▸ PROBLEM DESCRIPTION
Nothing but the lines from the one holding "balance and flow." through the last line of the material below should be set down, exactly and without images.

▸ INPUT DATA
┄┄┄┄┄┄┄┄┄┄
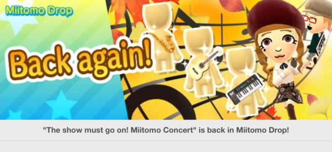 “The show must go on! Miitomo Concert” is the returning theme. The stages provide the following:
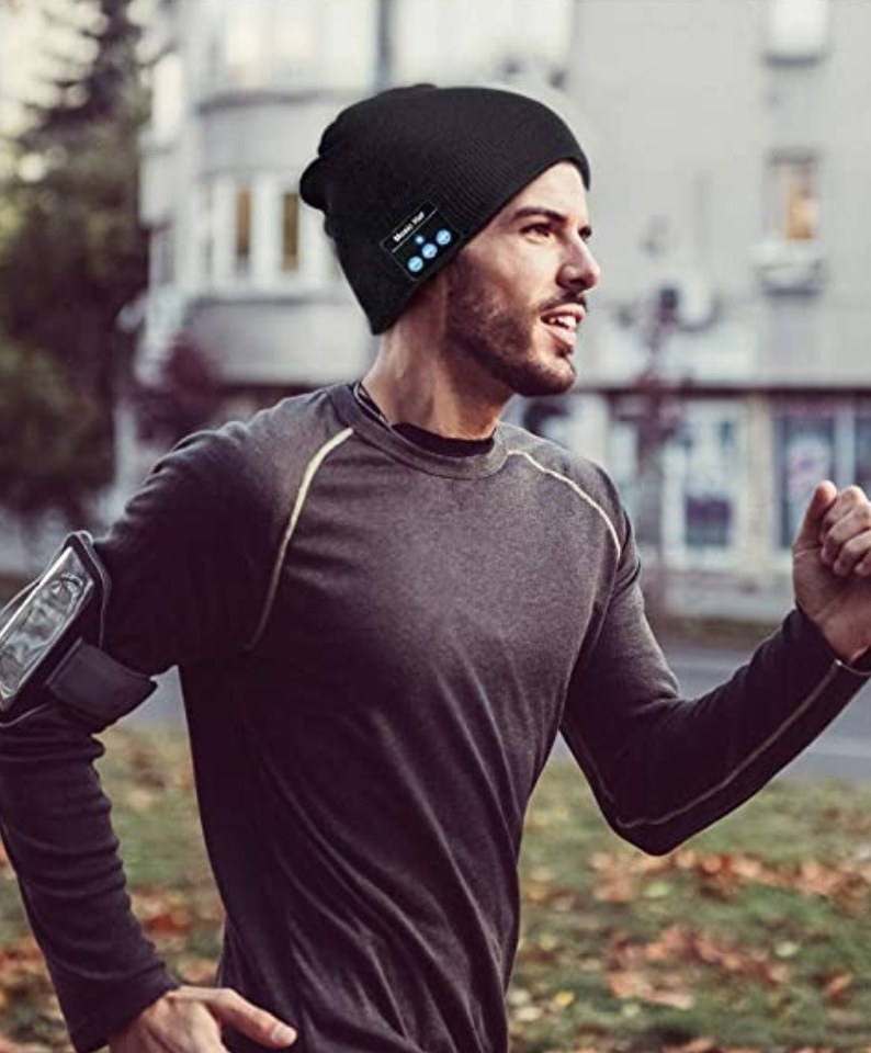 17. If you're running to work, this beanie will keep your head and ears warm, and has built in Bluetooth headphones.
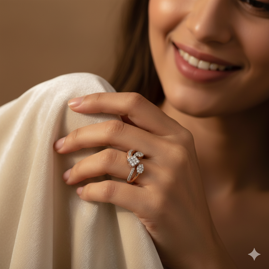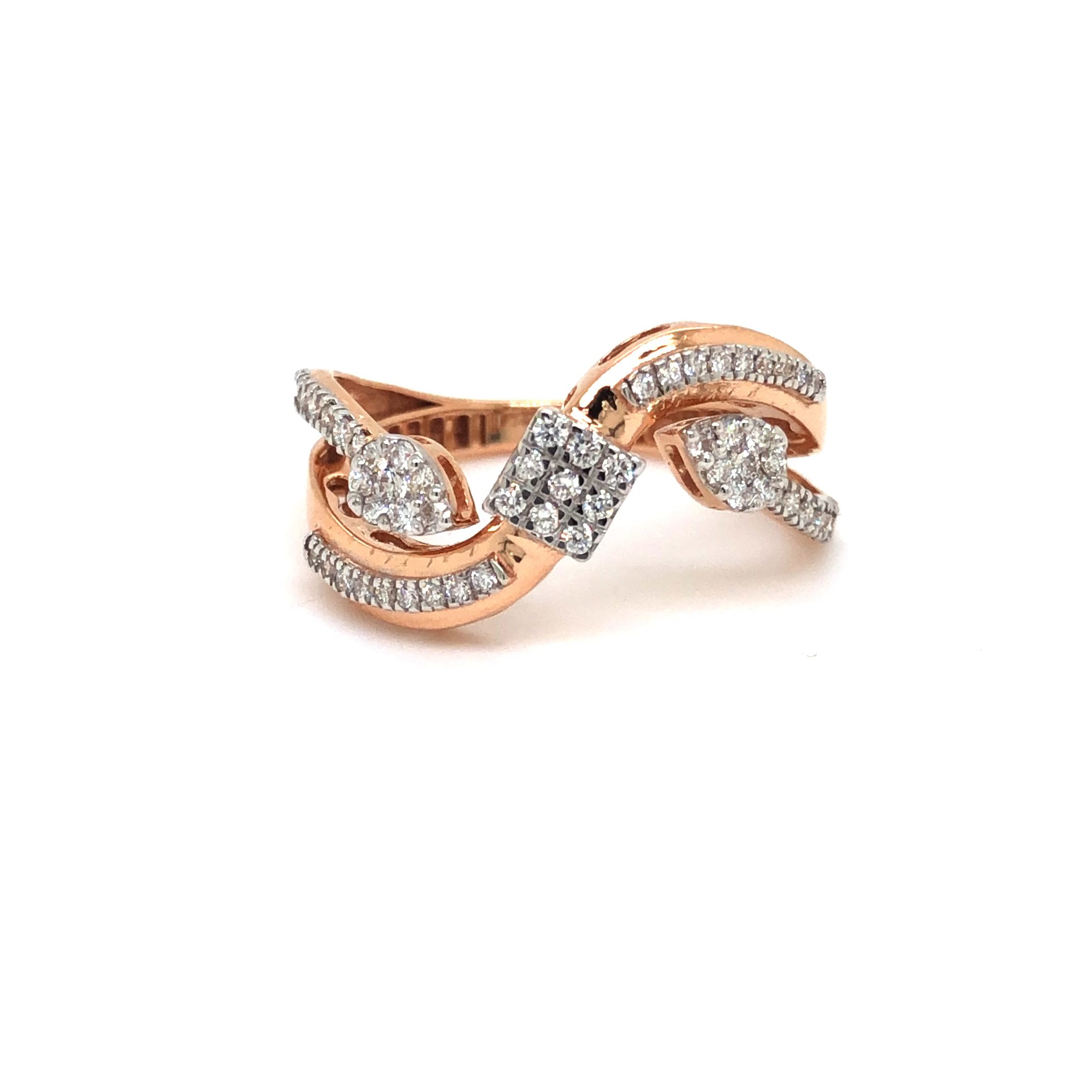 The “Infinity Cascade” ring showcases a breathtaking fluid design that embodies endless elegance. This masterpiece features three distinct diamond formations artfully arranged along intertwining rose gold bands: a striking square diamond cluster at the center, flanked by two teardrop-shaped diamond clusters that create perfect balance and flow.
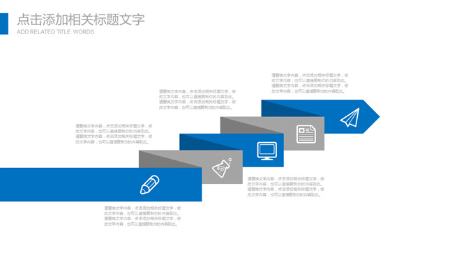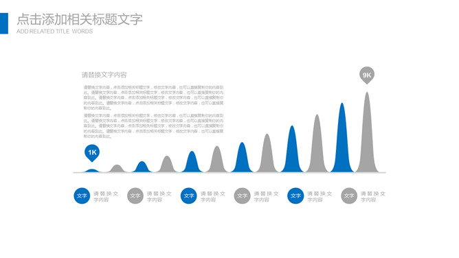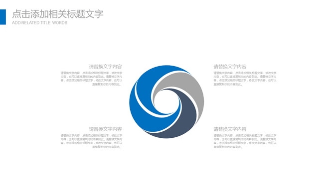 极简大方工作总结报告PPT模板。一套工作总结汇报报告幻灯片模板,蓝灰配色,大气极简设计风格,图形图表丰富。
┄┄┄┄┄┄┄┄┄┄
▸ ANSWER FOR THE TASK
 The “Infinity Cascade” ring showcases a breathtaking fluid design that embodies endless elegance. This masterpiece features three distinct diamond formations artfully arranged along intertwining rose gold bands: a striking square diamond cluster at the center, flanked by two teardrop-shaped diamond clusters that create perfect balance and flow.
 极简大方工作总结报告PPT模板。一套工作总结汇报报告幻灯片模板,蓝灰配色,大气极简设计风格,图形图表丰富。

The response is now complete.